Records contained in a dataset
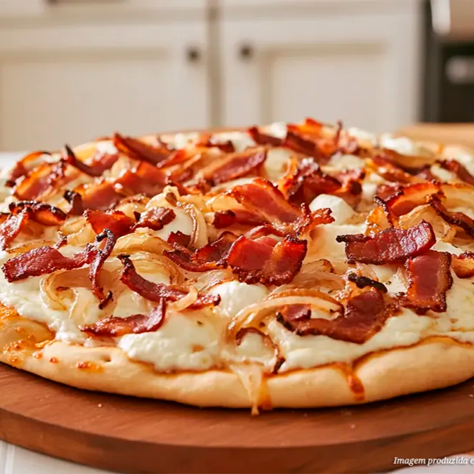 Mussarela selecionada, bacon crocante de alta qualidade, tomate picado fresco e um toque especial de orégano, sobre massa artesanal assada na hora.
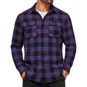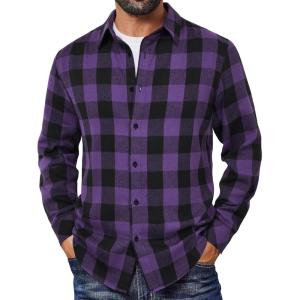 COOFANDY Mens Flannel Shirts Long Sleeve Plaid Button Down Shirts Casual Cotton Shirts(Purple)
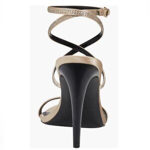 Sparkling rhinestones embellish the slender straps of this satin sandal all the way up and around the ankle.
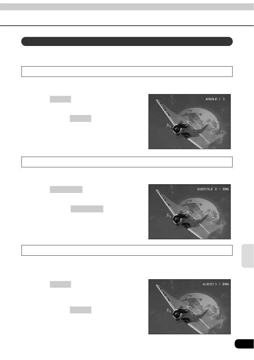 When several angles of a scene are recorded on a disc, the angle can be switched.
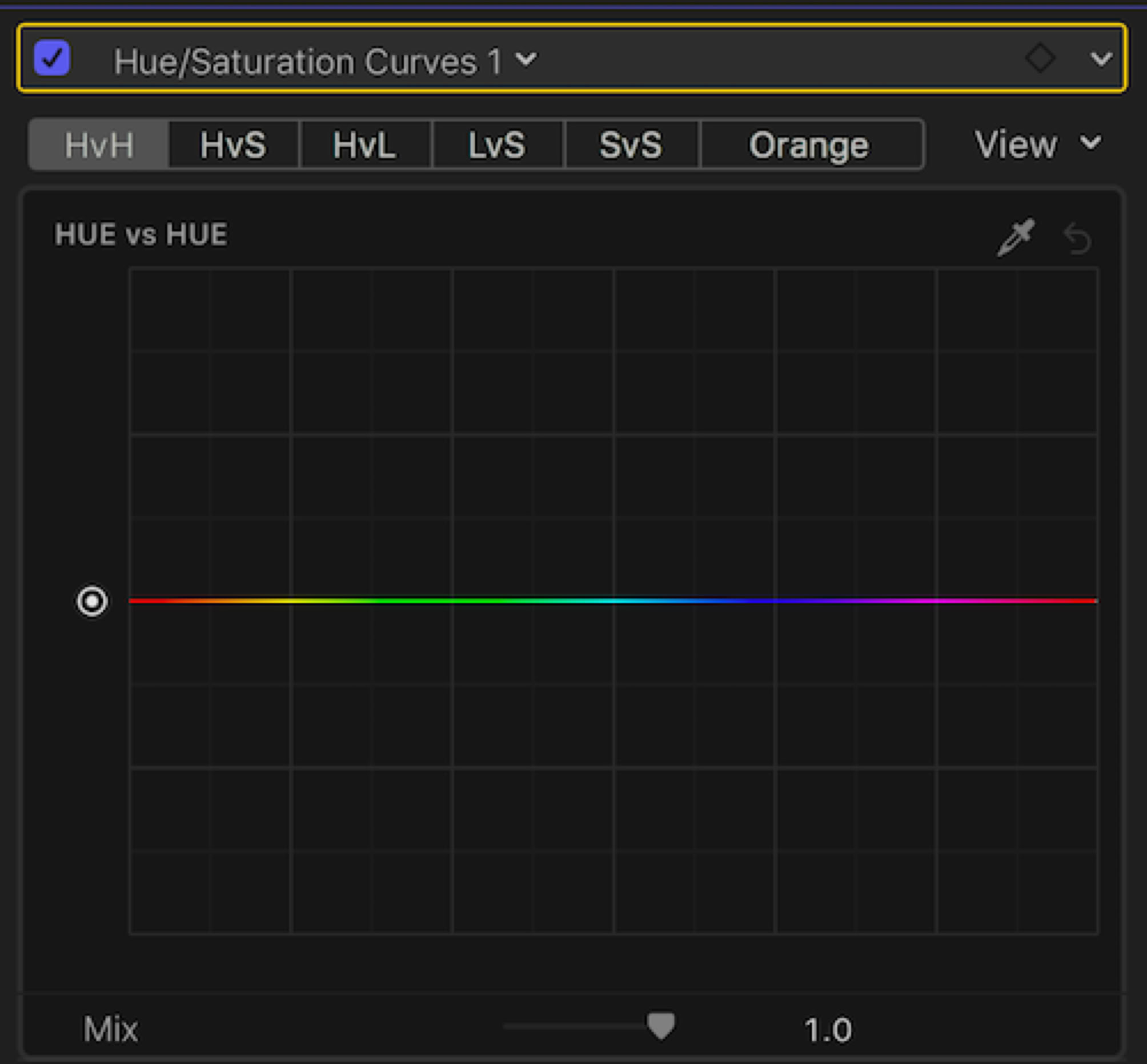 There are six Hue/Saturation Curves. These are very targeted selections with fine control. Most people use them for secondary color correction. Like the other advanced tools, these can either be seen independently in the full height Inspector, or collapsed into a single panel with buttons and the Mix slider at the bottom.
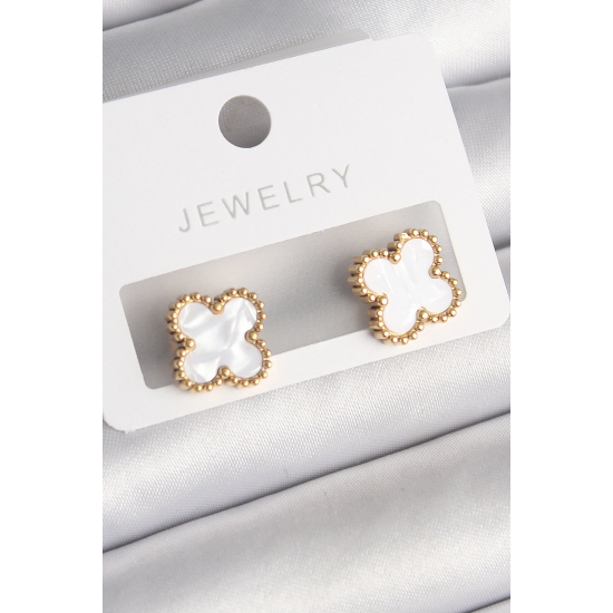 Mey İthalat® 316L Çelik Gold Renk Beyaz Minelik Yonca Model Kadın Küpe
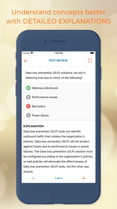PRACTICE TESTS: Multiple practice and mock tests to assess your exam readiness. Tests are randomly generated from 500+ realistic questions, every time you take the test. Each question includes detailed in-depth explanation to help you understand the concept better.
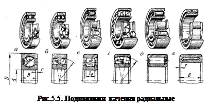 Шариковые радиальные однорядные подшипники (рис.5.5 а)предназначены для восприятия радиальных сил, но могут воспринимать и небольшие осевые нагрузки. Как и другие радиальные подшипники, они обеспечивают осевое фиксирование вала, удовлетворительно работают при перекосах колец на угол не более 8/.

## ABOUT THIS EXERCISE
Look above for the line containing "COOFANDY Mens Flannel", then copy exactly from it through the line containing "When several angles", keeping both and leaving out pictures. Add nothing else.

## EXPECTED ANSWER
 COOFANDY Mens Flannel Shirts Long Sleeve Plaid Button Down Shirts Casual Cotton Shirts(Purple)
 Sparkling rhinestones embellish the slender straps of this satin sandal all the way up and around the ankle.
 When several angles of a scene are recorded on a disc, the angle can be switched.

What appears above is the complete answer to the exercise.